I don't buy it. For one thing, the recent Supreme Court decision he's talking about didn't make it easier to sue, it just declined to kill off the disparate-impact FHA claim. So it's not going to unleash a wave of FHA claims that couldn't previously have been brought or anything like that. The new HUD rule will make a difference but not super huge I don't think.
And note that the one example he offers as an "indicator of how similar jurisdictions will respond" is a heavily democratic county that elected a republican county executive but still voted for Obama by a huge margin. That sucks, local politics is of course important, but it's a far cry from abandoning the democratic party. The author has been peddling this kind of "democrats need to abandon core democratic issues or they'll lose voters" bullshit for ages.
Great! Except for the expected lack of progress part.
Massachusetts has had anti-snob zoning for years and is still, as has been noted, one of your more Democratic-voting states. Tendentious horseshit is my vote.
Four more years. Four more years.
3 is a bit circular. Maybe Massachusetts is so genuinely progressive that they can enact such legislation without turning away Dinos, as evidenced by the fact that they enacted such legislation on their own without being pressured federally.
Circular arguments run in a circular motion.
Hey, math lady, was that a circle or a point?
I think Carp is saying there are less dimensions to this than you think.
Love is like a little point upon a horizon line.
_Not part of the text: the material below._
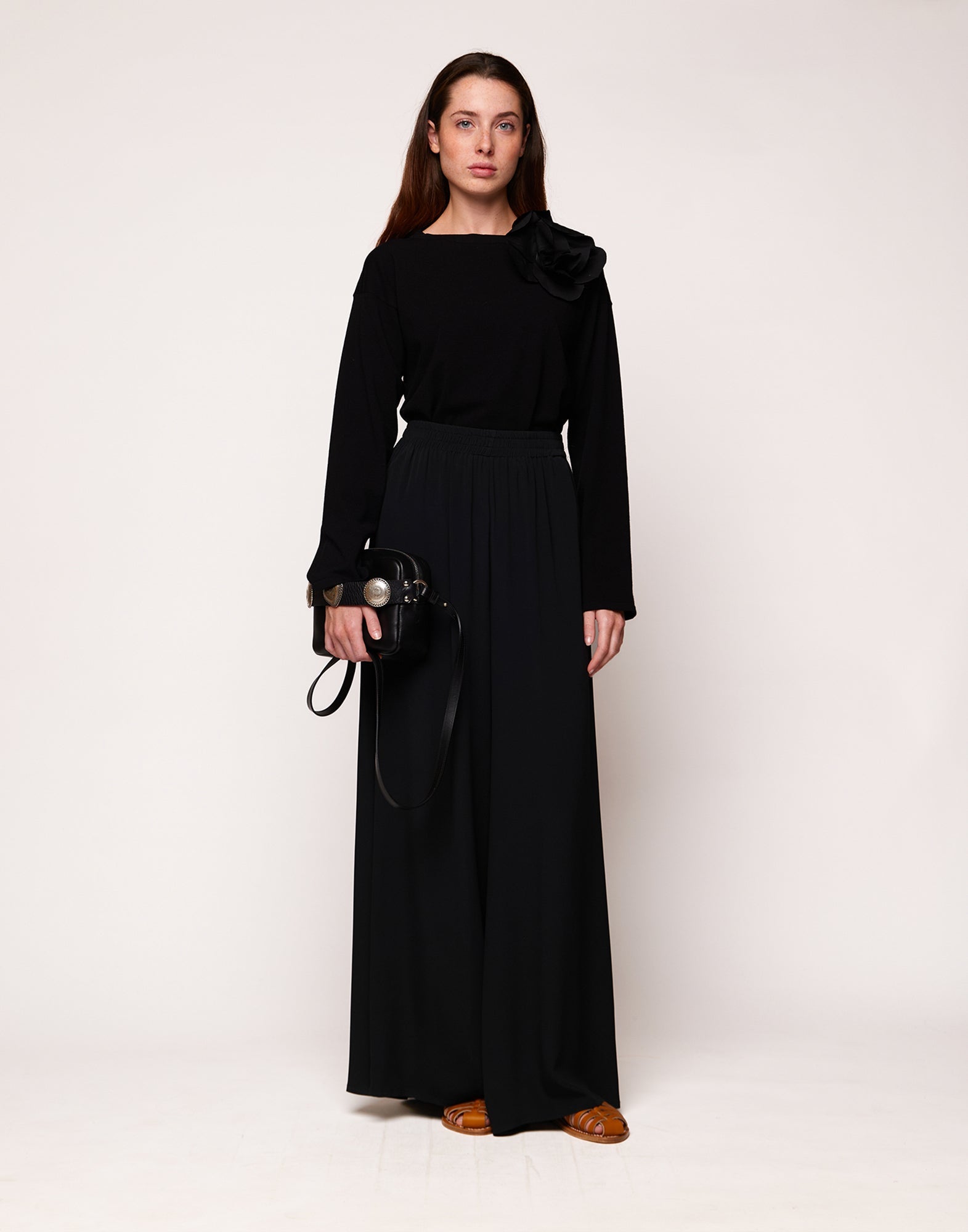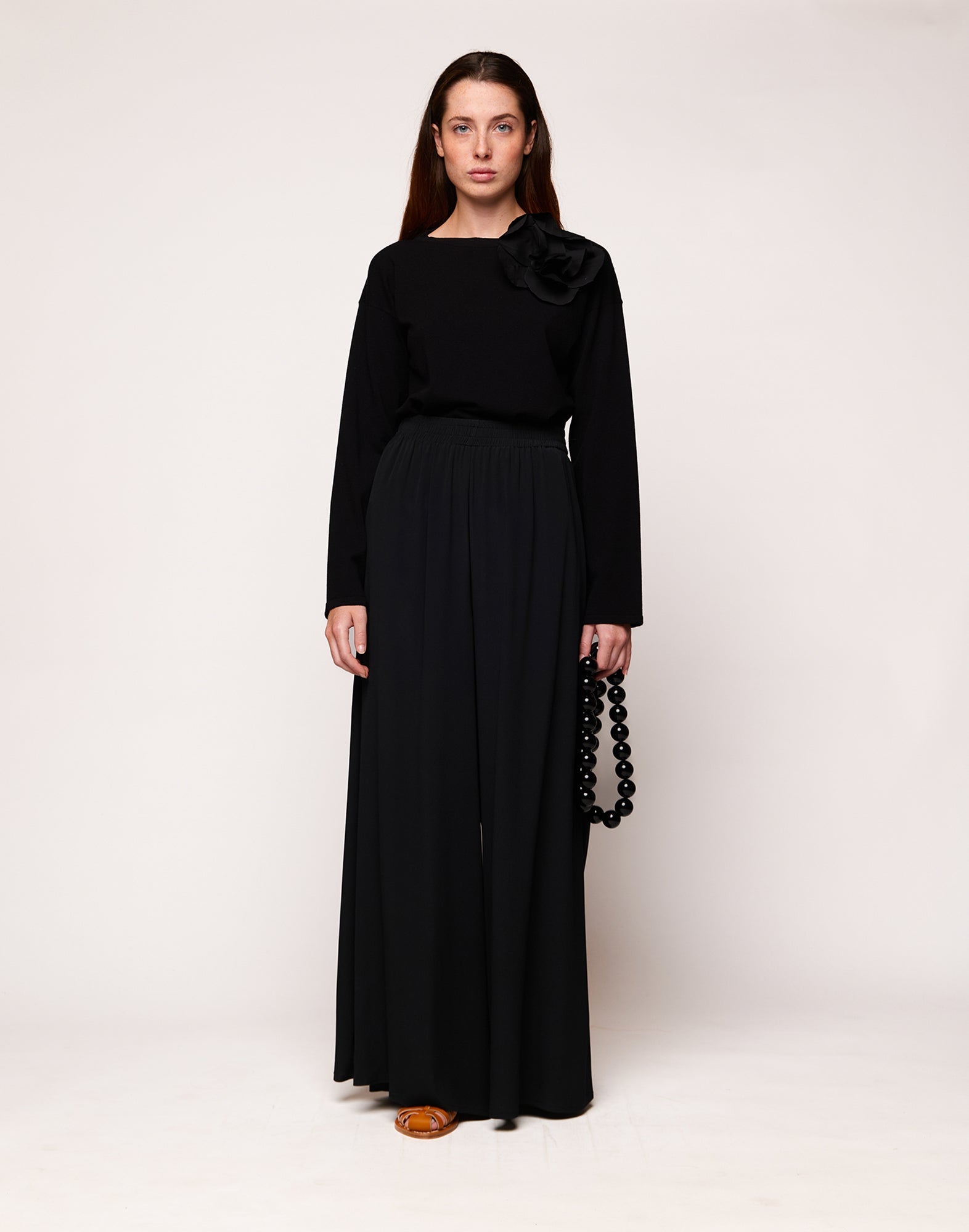 I pantaloni Perseo di DOUUOD offrono un’eleganza sofisticata grazie alla loro linea ampia a zampa e alla leggerezza del Crepe de Chine, un tessuto pregiato in acetato e seta che assicura fluidità e comfort. L'elastico in vita garantisce una vestibilità perfetta, mentre le tasche laterali aggiungono un tocco di praticità. Ideali per un look raffinato e versatile, perfetti da abbinare a bluse morbide o top strutturati.

An area in which I can speak with some authority- fuck residents of Westchester (and really this is talking about northern Westchester) if this makes them switch to voting Republican. They're only superficially Democratic voters anyway- the more local you get the more Republican they've always been, this isn't some huge change. They briefly elected a Democrat to Congress (he's still the one!) but have never been solidly D.
I really don't get this "ooh 5 storeys tall" bogeyman sentiment, but that's city-dwelling for you I guess. Is any of that sentiment genuine, or is it just dog-whistles?
It's genuine. Even where it's not specifically about racism, people who live in apartments are undesirable neighbors and probably disgusting lowlifes. Not where I live, but that's a standard belief in most of the country.
It pisses me the fuck off, as someone who's never lived in a single family house, but it's definitely sincerely held, and I will expect that people here will explain that under American conditions it's really true: decent respectable people mostly do buy single family houses, so being wary of people who don't is fair. (And maybe they have a point, I'm just being preemptively pissy about it because I take it personally.)
I've really never been happy with somebody else living above me (because thumping) and I assume that everybody below me was upset with me for the same reason. I like having from the earth to the air being one unit, which would be tricky once you get past three stories.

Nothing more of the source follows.